Monday 26 February 2018

Finance chief will face tough grilling to secure EU post

Fionnan Sheahan and Donal O'Donovan in Brussels

DEPARTMENT of Finance chief Kevin Cardiff will be forced to address mounting questions over his suitability to be appointed to a plum EU job.

Even Fine Gael's allies in Europe have expressed doubts about Mr Cardiff and are planning to give him an intense grilling as concerns mount in Brussels over his nomination.

Finance Minister Michael Noonan last night said the Government fully supported Kevin Cardiff's nomination to join the European Court of Auditors.

Mr Noonan said he expected the European Parliament to back the appointment.

Mr Cardiff is due to appear before the European Parliament's budgetary control committee in a fortnight to be ratified for appointment.

Fine Gael is part of the biggest group in the European Parliament, the European People's Party (EPP).

The leader of the EPP group on the committee told the Irish Independent that what she had read about Mr Cardiff's nomination was "quite worrying".

German MEP Ingeborg Grassle, the EPP coordinator on the committee, said she had already heard of the €3.6bn accounting error. She also had questions about Mr Cardiff's role during the economic crisis.

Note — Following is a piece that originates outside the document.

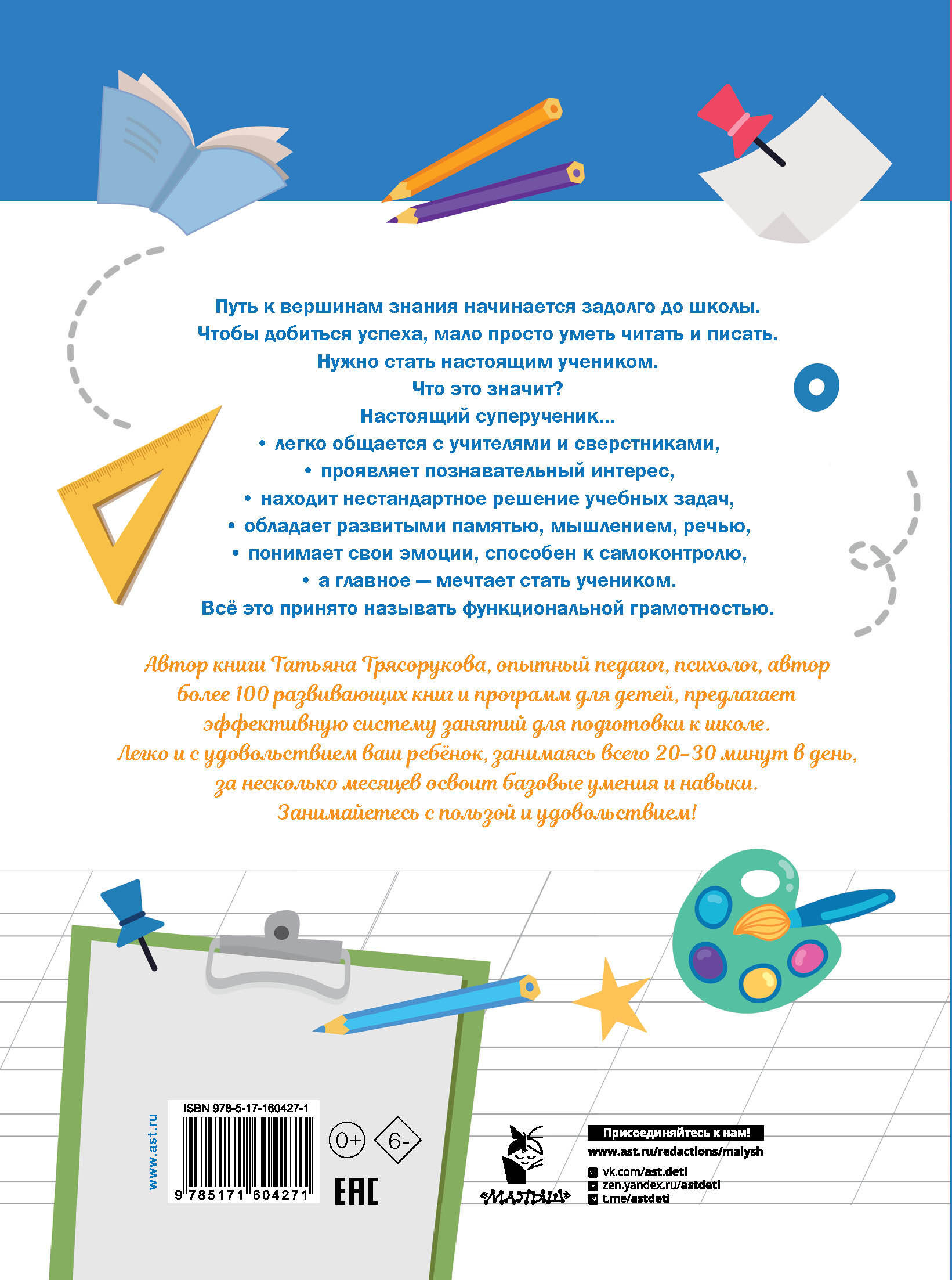 Что умеет настоящий суперученик? Легко общаться с учителями и сверстниками, нестандартно подходит к решению задач, обладает развитыми памятью, мышлением и речью. Все эти навыки принято называть функциональной грамотностью. Именно она помогает ребенку учиться в школе легко и с удовольствием! Автор книги Татьяна Трясорукова - опытный педагог и психолог - подготовила увлекательные тестовые задания, которые понравятся даже самому непоследливому малышу. Все задания сопровождаются подсказками для родителей и соответствуют Федеральному государственному образовательному стандарту дошкольного образования. Книга станет прекрасным подарком для будущих отличников.| Издательство | Издательство "АСТ" |

"The Court of Auditors should be beyond all doubt. What we read in the press is really quite worrying. I think he will have a very interesting hearing. I am keen on knowing his past," she said.

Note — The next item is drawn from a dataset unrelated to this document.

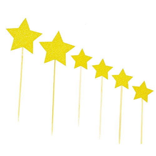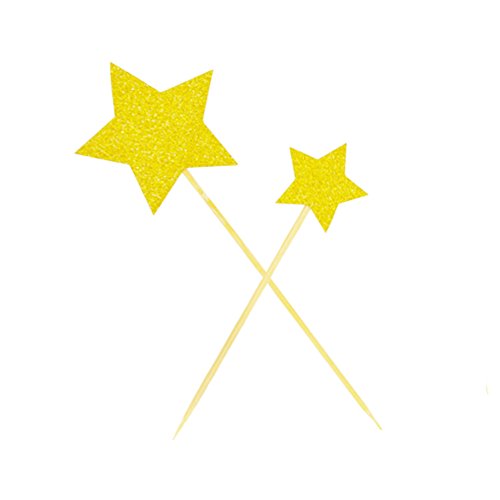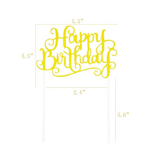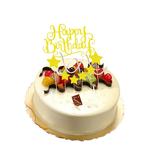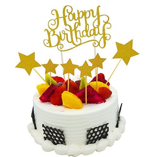 Ldoux Gold Glitter Pentacle Cupcake Toppers and Gold Glitter "Happy Birthday" Monogram Cake Toppers Picks Birthday Party Decorations Set

Ms Grassle said her alignment with Fine Gael in the parliament would in no way impede her questioning of Mr Cardiff.

"We have to examine. We have to do our job," she said.

Independent MEP Marian Harkin said she would be discussing Mr Cardiff's nomination with her colleagues on the committee.

"On the wider issues in the Department of Finance, I would personally feel politicians must take primary responsibility there. But I don't think it was the most appropriate nomination," she said.

None of Ireland's 12 MEPs are on the committee but they can inform their colleagues on questions to pose.

The European Parliament cannot block Mr Cardiff's nomination completely, but it can reject it, which would be highly embarrassing.

In that case, the Government would have to consider trying to push the nomination through via an EU finance ministers meeting.